Your assignment
One part of the entries below is wanted: the lines from the one containing "С другой стороны, у" through the one containing "El grupo Foo". Write those out exactly and nothing else.

Data for processing
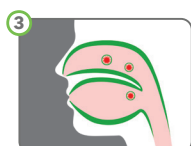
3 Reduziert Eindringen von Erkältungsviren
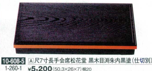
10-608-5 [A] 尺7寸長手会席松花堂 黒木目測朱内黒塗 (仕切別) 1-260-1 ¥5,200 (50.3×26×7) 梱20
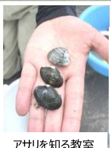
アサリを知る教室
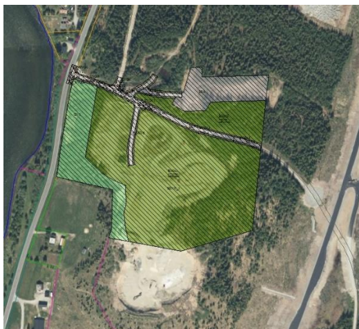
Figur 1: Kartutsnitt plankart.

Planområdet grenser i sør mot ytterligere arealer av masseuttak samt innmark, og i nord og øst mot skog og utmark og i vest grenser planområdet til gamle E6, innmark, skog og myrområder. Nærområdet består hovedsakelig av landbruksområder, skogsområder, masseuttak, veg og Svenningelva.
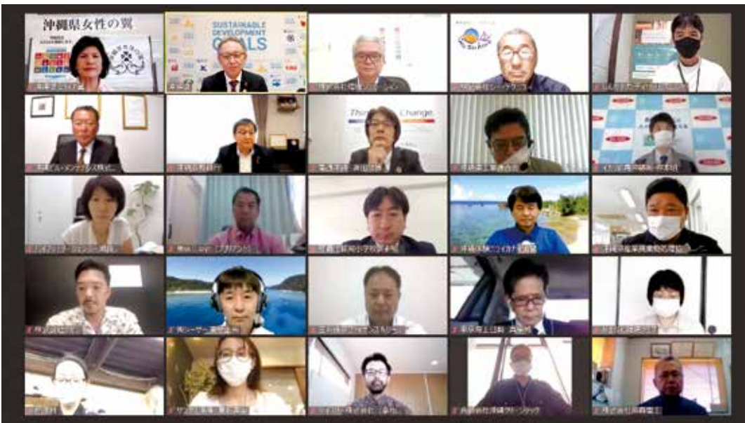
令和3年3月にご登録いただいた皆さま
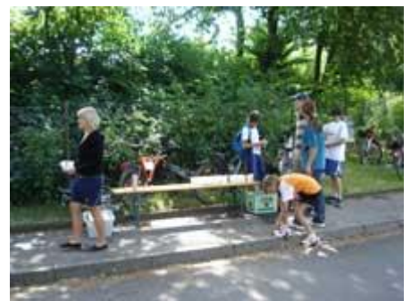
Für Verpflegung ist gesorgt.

...

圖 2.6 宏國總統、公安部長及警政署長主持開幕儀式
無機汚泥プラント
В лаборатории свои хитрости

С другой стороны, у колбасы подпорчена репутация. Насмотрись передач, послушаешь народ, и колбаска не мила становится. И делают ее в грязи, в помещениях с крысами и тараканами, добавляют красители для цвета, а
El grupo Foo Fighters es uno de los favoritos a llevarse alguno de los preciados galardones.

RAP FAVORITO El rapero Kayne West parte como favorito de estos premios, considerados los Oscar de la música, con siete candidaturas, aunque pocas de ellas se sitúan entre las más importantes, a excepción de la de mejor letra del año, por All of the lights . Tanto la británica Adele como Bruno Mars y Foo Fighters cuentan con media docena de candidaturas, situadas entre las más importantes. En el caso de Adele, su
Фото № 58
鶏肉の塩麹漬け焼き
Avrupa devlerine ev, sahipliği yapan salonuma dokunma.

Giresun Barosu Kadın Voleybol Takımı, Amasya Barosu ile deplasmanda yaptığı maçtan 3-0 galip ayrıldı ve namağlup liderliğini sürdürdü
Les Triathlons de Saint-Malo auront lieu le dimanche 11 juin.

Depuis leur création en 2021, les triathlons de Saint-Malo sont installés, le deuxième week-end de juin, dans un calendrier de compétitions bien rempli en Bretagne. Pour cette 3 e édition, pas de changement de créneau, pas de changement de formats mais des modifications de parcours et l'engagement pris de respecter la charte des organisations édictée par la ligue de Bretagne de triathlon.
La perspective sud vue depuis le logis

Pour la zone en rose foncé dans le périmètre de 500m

Response box
С другой стороны, у колбасы подпорчена репутация. Насмотрись передач, послушаешь народ, и колбаска не мила становится. И делают ее в грязи, в помещениях с крысами и тараканами, добавляют красители для цвета, а
El grupo Foo Fighters es uno de los favoritos a llevarse alguno de los preciados galardones.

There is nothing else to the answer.